Si è svolto oggi, 2 dicembre 2024, in tribunale a Genova l'incidente probatorio per il prelievo del Dna di Fortunato Verduci, il carrozziere di 65 anni indagato a piede libero per l'omicidio di Maria Luigia Borrelli, avvenuto nel 1995 e noto come "delitto del trapano". Il prossimo passo sarà la comparazione del suo profilo genetico con quello di "Ignoto 1", trovato sulla scena del crimine; in seguito, l'uomo potrebbe essere rinviato a giudizio. Lo ha spiegato a Tag24 l'avvocato Rachele De Stefanis, che assiste la figlia della vittima.
Per Verduci, difeso dagli avvocati Emanuele Canepa e Andrea Volpe, erano stati disposti l’accompagnamento coattivo e l’esecuzione coattiva del rilievo: anche se si fosse rifiutato, sarebbe stato comunque sottoposto al test del Dna.
L'incidente probatorio, svoltosi alla fine senza intoppi, ha visto l'indagato presentarsi in tribunale e sottoporsi al tampone buccale. "Il suo Dna sarà comparato con tutti i profili già agli atti", ha dichiarato a Tag24 l'avvocato De Stefanis, sottolineando che "l'udienza di oggi non ha cambiato più di tanto la situazione".
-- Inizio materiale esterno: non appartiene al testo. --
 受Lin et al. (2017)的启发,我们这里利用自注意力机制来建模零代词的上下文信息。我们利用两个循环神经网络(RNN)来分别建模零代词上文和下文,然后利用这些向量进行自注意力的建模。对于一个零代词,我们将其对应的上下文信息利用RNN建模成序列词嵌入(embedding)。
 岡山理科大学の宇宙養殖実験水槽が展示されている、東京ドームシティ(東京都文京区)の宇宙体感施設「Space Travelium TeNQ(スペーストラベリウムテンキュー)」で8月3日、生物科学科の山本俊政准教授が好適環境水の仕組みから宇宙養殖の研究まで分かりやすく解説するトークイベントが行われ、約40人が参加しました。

"La Procura ha deciso di passare per questo step per scrupolo. A livello di linee guida internazionali, il tampone buccale in incidente probatorio è il non plus ultra, ma il quadro probatorio era già solido", ha aggiunto. "Il perito si prenderà 60 giorni per estrarre il Dna dal tampone e fare le comparazioni, con l'elaborato che sarà depositato entro il 2 febbraio, per essere discusso nell'udienza del 10 febbraio".
"Se, come credo, dovesse esserci piena corrispondenza (tra il Dna dell'indagato e quello attribuito a "Ignoto 1"), nel giro di poche settimane all'indagato verrà notificato l'avviso di conclusione delle indagini. La famiglia attende solo il rinvio a giudizio", ha concluso, anticipando che il prossimo 10 dicembre, insieme ai consulenti di parte, farà il punto della situazione in una diretta su Youtube.
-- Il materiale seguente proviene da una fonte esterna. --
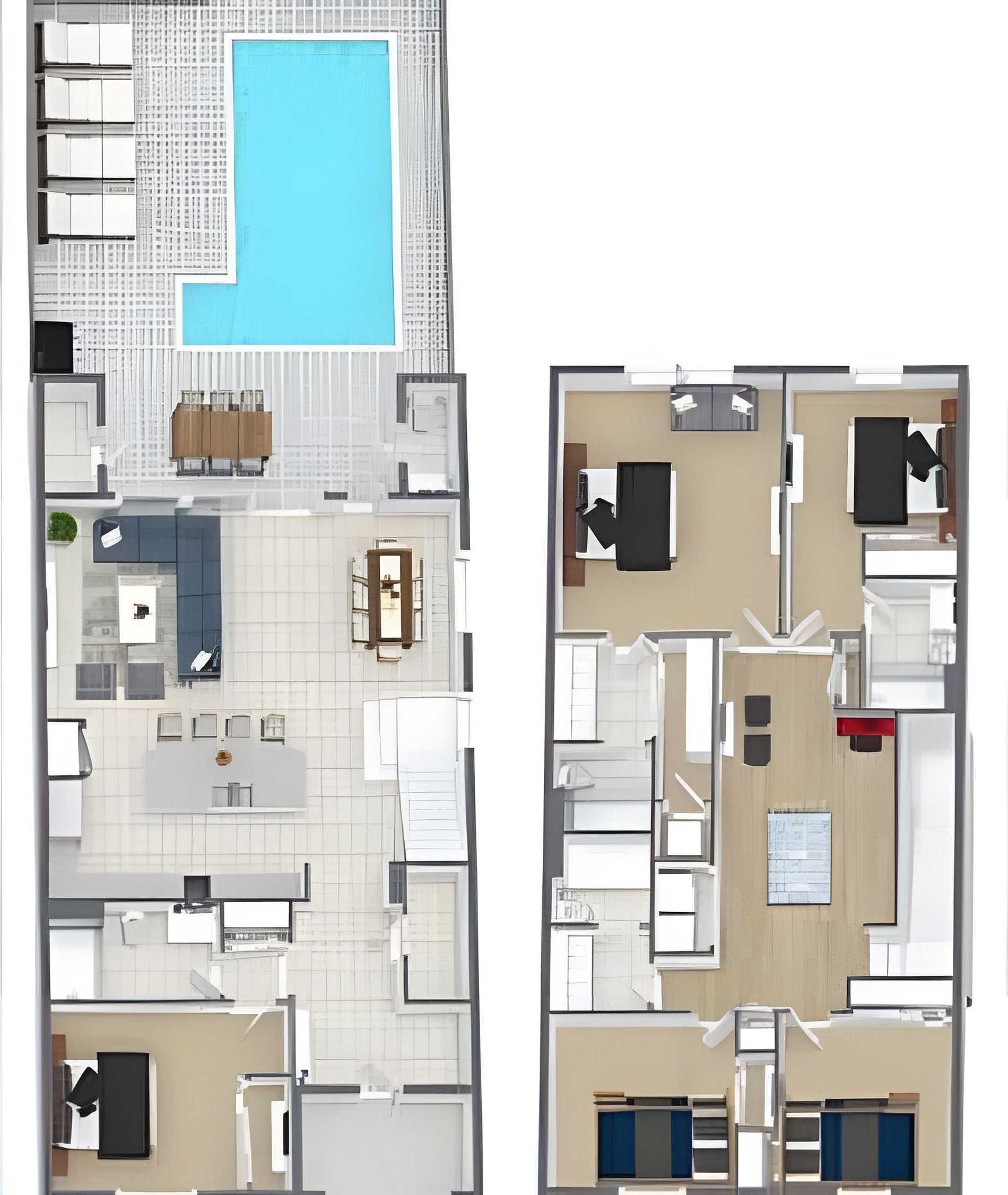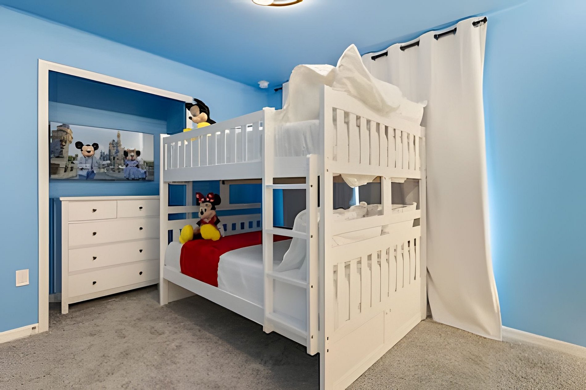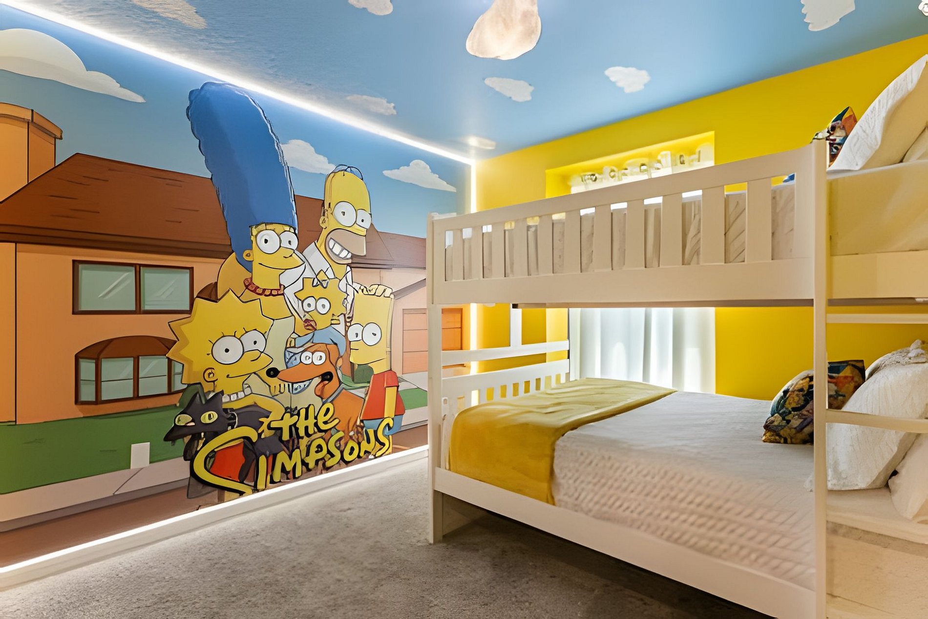 CONFIGURAÇÃO DE CAMAS: 1º andar Quarto 1: 1 cama king size 1 banheiro compartilhado 1 lavabo na área externa 2º andar Quarto 2: 1 cama king size, suíte Quarto 3: 1 cama king size, suíte Quarto 4: 1 beliche com 2 camas de casal (tema dos Simpsons) Quarto 5: 1 beliche com 2 camas de casal (tema do Mickey e seus amigos) 1 banheiro compartilhado.

L'obiettivo è determinare se Verduci sia davvero "il killer del trapano". Se davvero, il 6 settembre del 1995, uccise Maria Luigia Borrelli, infermiera a domicilio di 42 anni, in vico degli Indoratori, nel centro storico di Genova. Quasi 30 anni dopo, infatti, sono ancora molti gli interrogativi che avvolgono il caso.
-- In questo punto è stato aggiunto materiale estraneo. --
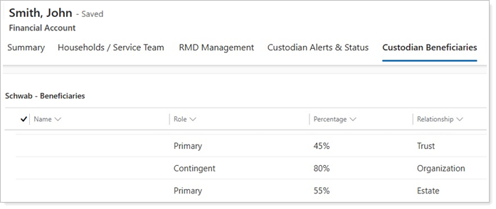 Once you enable the Schwab Beneficiaries integration, all eligible financial account records with beneficiary data in Schwab Advisor Center will sync under the Custodian Beneficiaries tab on the record.
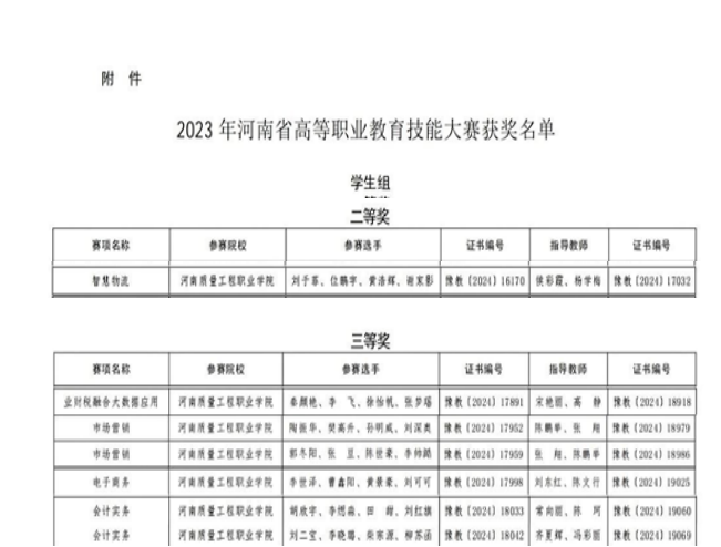 近日,河南省教育厅下发了《关于公布2023年河南省高等职业教育技能大赛获奖名单的通知》(教办职成〔2024〕273号),本次技能大赛经管学院学生喜获二等奖1项、三等奖6项。
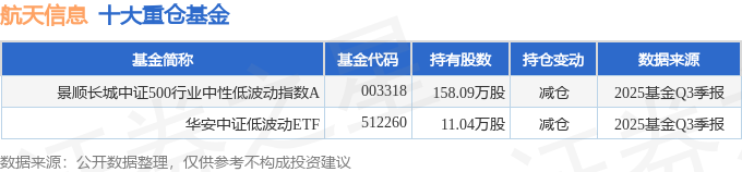 持有航天信息最多的基金为景顺长城中证500行业中性低波动指数A,目前规模为7.78亿元,最新净值1.6755(10月30日),较上一交易日下跌1.18%,近一年上涨18.89%。该基金现任基金经理为曾理。
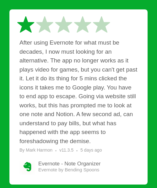 After using Evernote for what must be decades, I now must looking for an alternative. The app no longer works as it plays video for games, but you can't get past it. Let it do its thing for 5 mins clicked the icons it takes me to Google play. You have to end app to escape. Going via website still works, but this has prompted me to look at one note and Notion. A few second ad, can understand to pay bills, but what has happened with the app seems to foreshadowing the demise.
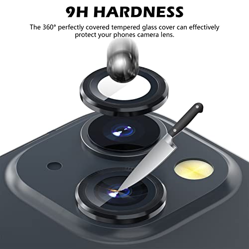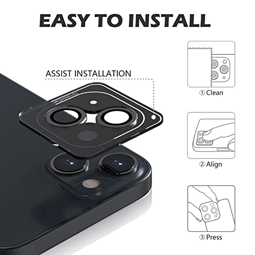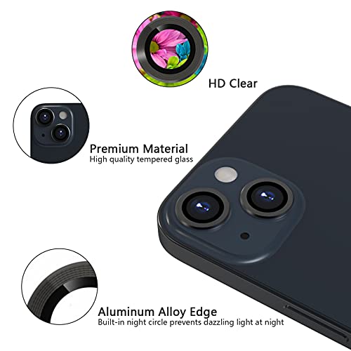 imluckies Camera Lens Protector Compatible with iPhone 13/13mini, Premium Tempered Glass Circle Film, Aluminum Alloy Full Fit Lens Ring Cover, Black [Anti-Scratch] (2 Pack)
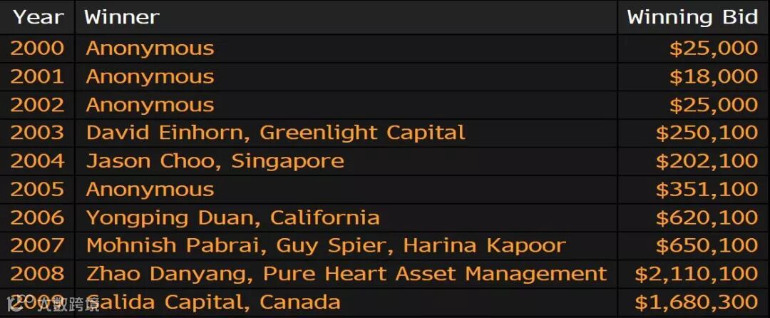 2016年-2018年,午餐又连续被匿名人士拍得。2019年,情况也是这样。

Certa è solo l'arma del delitto: Borrelli, che si trovava nel passo per prostituirsi e raccogliere il denaro necessario a risanare i debiti lasciatigli dal marito defunto, fu colpita prima con uno sgabello e poi con un trapano di proprietà di un certo Ottavio Salis, morto suicida dopo l'iscrizione del suo nome nel registro degli indagati e risultato, alla fine, estraneo ai fatti.
La svolta, dopo la riapertura delle indagini nel 2021, potrebbe essere vicina. Ad incastrare Verduci, in particolare, delle conversazioni (intercettate) che avrebbe avuto con i suoi colleghi, ammettendo - di fatto - l'omicidio. E, appunto, il Dna.
Le tracce biologiche trovate sulle tende del passo in cui Borrelli fu uccisa - risultate compatibili, dopo una serie di accertamenti, con quelle rinvenute su dei mozziconi di sigaretta trovati all'interno di un posacenere nello stesso luogo -, attribuite a "Ignoto 1", sembrerebbero essere sue.
La conferma finale potrà arrivare solo dalle analisi scientifiche.